Très vite, trois enfants du quartier franchissent le portail, intrigués. Ils demandent s’ils peuvent aider. Quelques minutes plus tard, les voilà équipés d’arrosoirs presque aussi grands qu’eux, sous l’œil bienveillant de Lucie et Pierrick.
Mathieu observe la scène avec satisfaction. « Quand des gens du quartier viennent spontanément participer, on se dit que le jardin remplit déjà son rôle. Il devient un lieu où l’on se rencontre, où l’on échange et où chacun trouve sa place. »

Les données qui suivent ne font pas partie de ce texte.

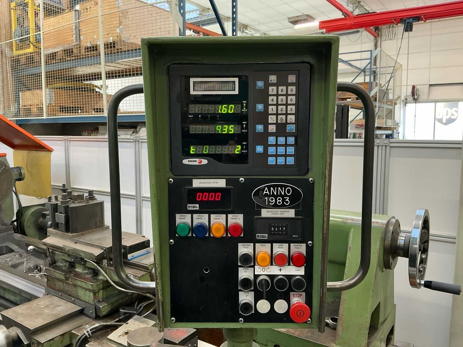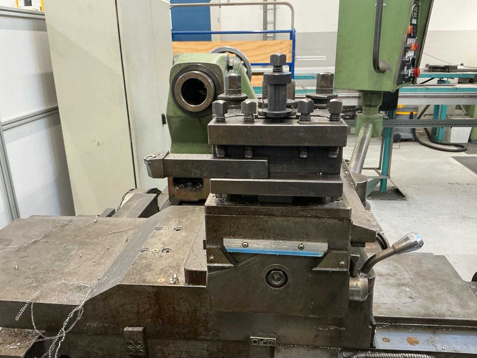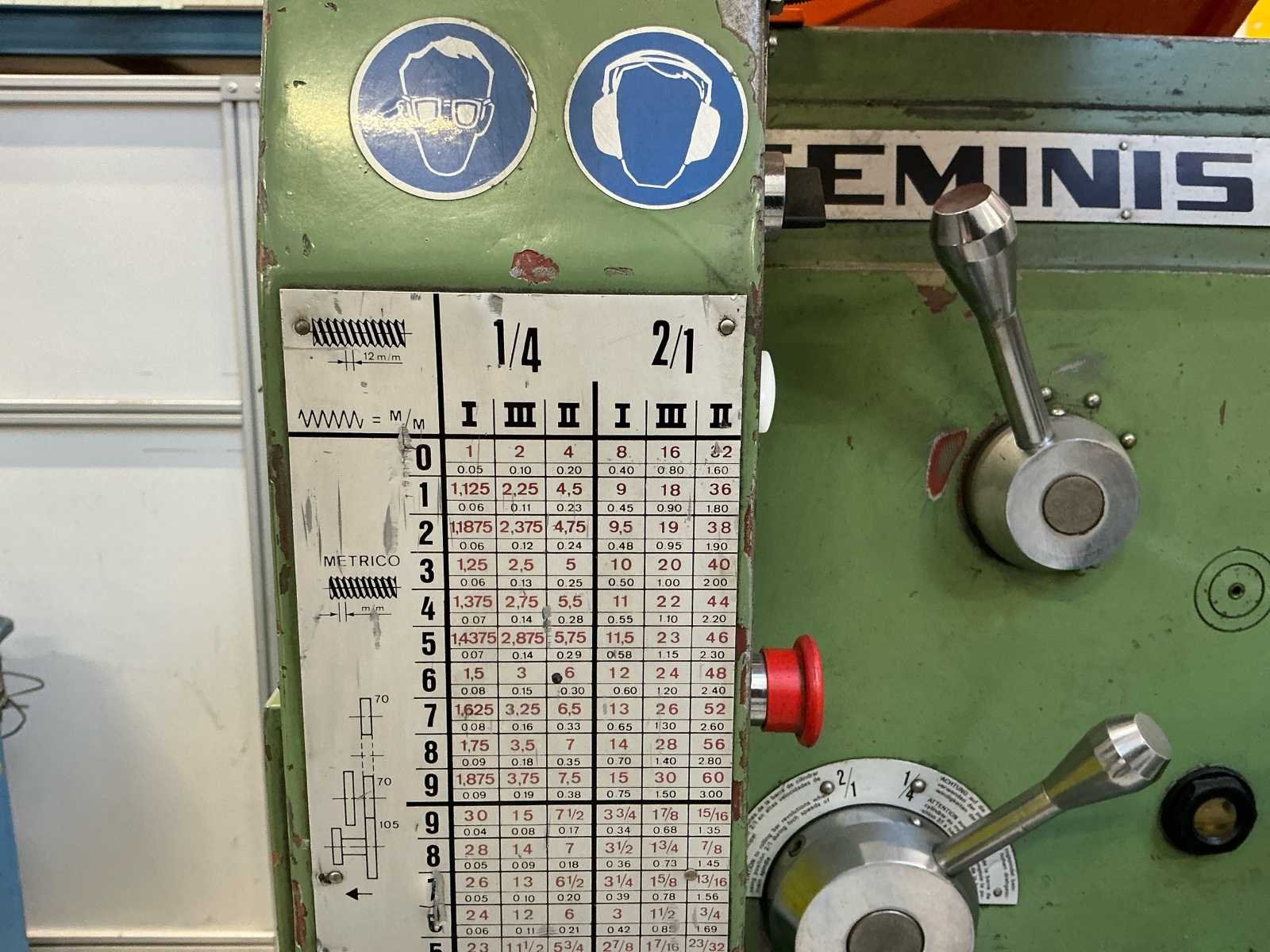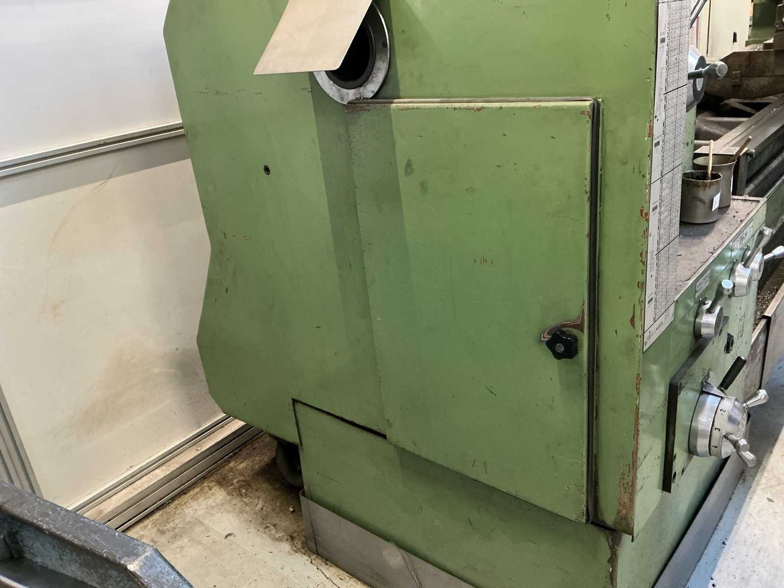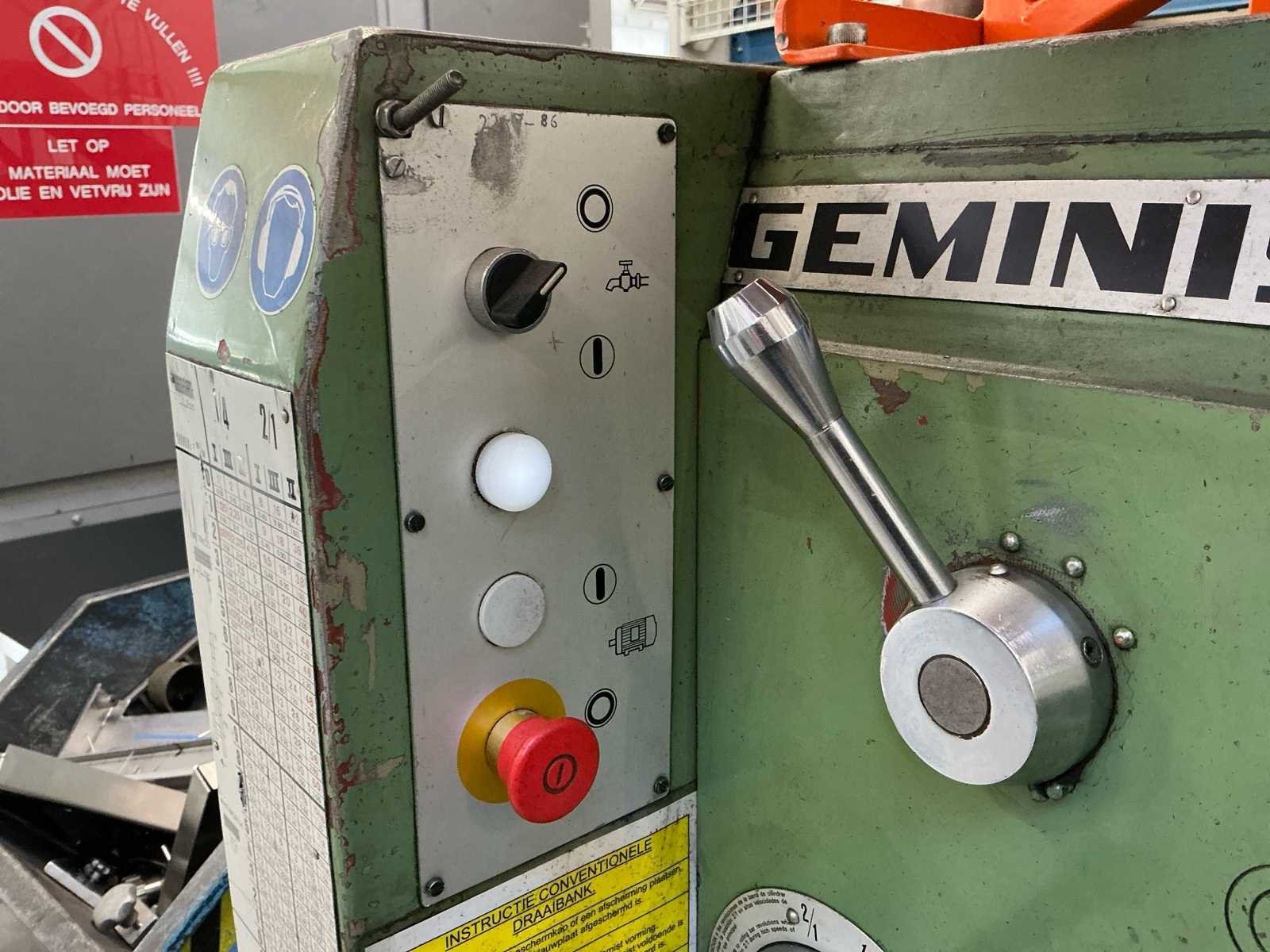 Voorzien van: Geminis GE870S, afstand tussen punten: 2.000 mm, digitale aflezing, elecktrische schakelkast, draadsnijklok, reduceerbus voor hoofdspil, 1 vast center, 1x hoofdspil boring 104mm, 1x hoofdspil boring 162mm, snelverstelling, motor 18,6kW, vaste bril, zelfcenterende 3 klauwplaten 500mm, onafhankelijke 4 klauwplaten 900mm, afmetingen DIN spilneus 8-11, spilsnelheden 18n standaard reeks 13-1000, snelle reeks 16-1250, spoed draadspil 6mm, 48 metrische spoeden van 0,5-30mm, 30 withwort 3/4-50, 48 langsaanzetten, 48 dwarsaanzetten, lengte bedslede 800mm, breedte dwarsslede 350mm, slag van dwarsslede 465mm, slag beilethouder 250mm, beitelschahchtafmeting 40x40mm, spilbusdiameter 100mm, slag spilbus 310mm, spilbusopname Morse 6, bedbreete 550mm, hoogte tot vlakke leibaan 805mm, doorlaat vaste bril 23-350, doorlaat meelopende bril 15-140mm, dubbelwandig bed met grote doorvalopening, 2 stuks 4 klauwen, koppel 5600Nm, ca. 10 stuks beitelhouders met diverse beitels, slijtplaatjes, opname conussen, inspanklauwen, en centers, documentatie aanwezig, aankoopfactuur, schema's, onderhouden machine, jaarlijks gekeurd. No Merk: Gemins Type: GE-870 S-DC Bouwjaar: 1986 Serienummer: N5099hv480 Draailengte: 3000mm Holle spil Ø: 100mm Aantal snelheden: 18 Besturing, merk, type: Fagor Aansluiting: 380V Machinegewicht: 6000kg Afmeting l: 4000mm Afmeting b: 1400mm Afmeting h: 2000mm

Comme il fait très chaud, en ce début du mois d’août, la séance d’entretien du jardin est finalement écourtée. Les outils, gants, arrosoirs, et autres effets sont rangés, et les volontaires remontent dans les vans, fatigués mais souriants. Demain, ils reprendront le chantier, cuisineront ensemble, dormiront sous les arbres et continueront à faire vivre ce projet où le maraîchage n’est finalement qu’un point de départ. À la Ferme Saint-Lazare, on cultive bien des légumes, mais on y cultive aussi, chaque été, une autre manière de vivre ensemble.
La structure d'accueil
Implantée à Grigny (Essonne), la Ferme Saint-Lazare est une exploitation maraîchère biologique de 3000 m² à vocation pédagogique et sociale. Gérée par l’association Études & Chantiers Île-de-France, elle associe production agricole, sensibilisation à l’environnement et accompagnement de salariés en parcours d’insertion. Chaque année, elle accueille également des chantiers internationaux de volontaires qui participent à ses projets d’aménagement et de maraîchage. Études & Chantiers Île-de-France est membre du réseau Co-Travaux, lui-même adhérent au GIP France Volontaires.